Le stress et la dépression ne se ressentent pas seulement chez les nouvelles mamans, ni chez les familles immigrantes, monoparentales ou ayant des difficultés financières. La génération « sandwich » doit prendre soin des jeunes enfants et des parents vieillissants. Elle travaille plus longtemps et plus fort et la sécurité d’emploi n’est pas considérée comme une option.40 Un sondage du Conference Board du Canada a révélé que la mère professionnelle est l’employé le plus épuisé.41
Le stress ressenti par les parents n’est pas bénéfique pour leurs enfants. Il perturbe la capacité des parents à gérer leur propre comportement, ce qui leur laisse peu de ressources pour régulariser le comportement de leurs enfants. Plus les parents sont perturbés, moins ils sont enclins à jouer un rôle positif auprès de leurs enfants. Le stress parental chronique a des répercussions sur les enfants. Les chercheurs ont établi un lien entre le stress parental chronique et le dossier scolaire médiocre de leurs enfants.42
Catherine Porter, chroniqueuse pour le Toronto Star, a décrit sa tension croissante alors qu’elle attend le métro à la fin de chaque journée de travail : « [A]lors que l’école de quartier pourrait accepter [ma fille] Lyla pour toute une journée, elle n’accepte pas mon fils Noah. Il est trop jeune. Il devra aller à l’ancien service de garde de Lyla, un arrêt plus loin. Deux arrêts le matin. Deux arrêts le soir. J’éprouve deux fois plus de stress en attendant le métro. C’est ce qu’on appelle “jongler” avec la réalité des services de garde. »43
Des chercheurs ont montré que les parents dont les enfants participent à des programmes intégrés à leur école sont moins anxieux que leurs voisins dont les enfants font partie du système régulier confus.44 Des gains directs ont également été répertoriés pour les enfants. L’évaluation de Sure Start, au Royaume-Uni,45 de Communities for Children, en Australie,46 et de Toronto First Duty47 a révélé que les enfants des quartiers où des services intégrés pour enfants étaient offerts se sont mieux développés sur le plan social,48 qu’ils se comportent mieux et qu’ils font preuve d’une plus grande indépendance ou maîtrise de soi que les enfants qui vivent dans des endroits similaires n’offrant pas de programme intégré.

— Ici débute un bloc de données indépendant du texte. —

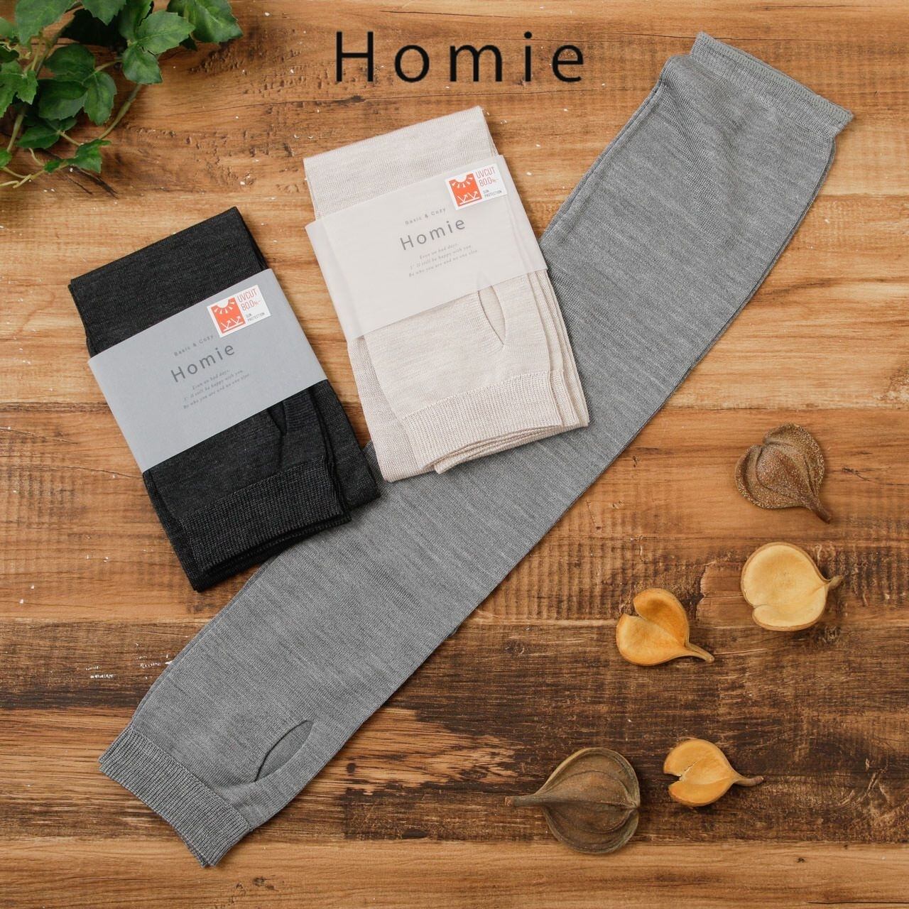 【送料無料】Homie アームカバ― UVカット レディース 二の腕 ロング 可愛い お洒落 シルク 日本製 uvカット uv 日焼け対策 ゆったり 日焼け防止 冷房対策 ホミー チャコール グレー ベージュ HA-008 Hm037

Les Canadiens doivent accomplir la tâche difficile et importante d’élever des enfants avec un peu plus de facilité. Comme société, nous ne pouvons pas tout avoir. Nous dépendons des femmes sur le marché du travail et nous nous attendons à ce que les familles portent le fardeau social et financier nécessaire pour élever la prochaine génération. Nous devons cependant payer cher lorsque les familles pataugent et que leurs enfants sont délaissés. Les frais liés aux soins de santé sont impossibles à gérer sans promouvoir la santé, et ramasser derrière les enfants tombés entre les mailles du filet n’est pas plus rentable.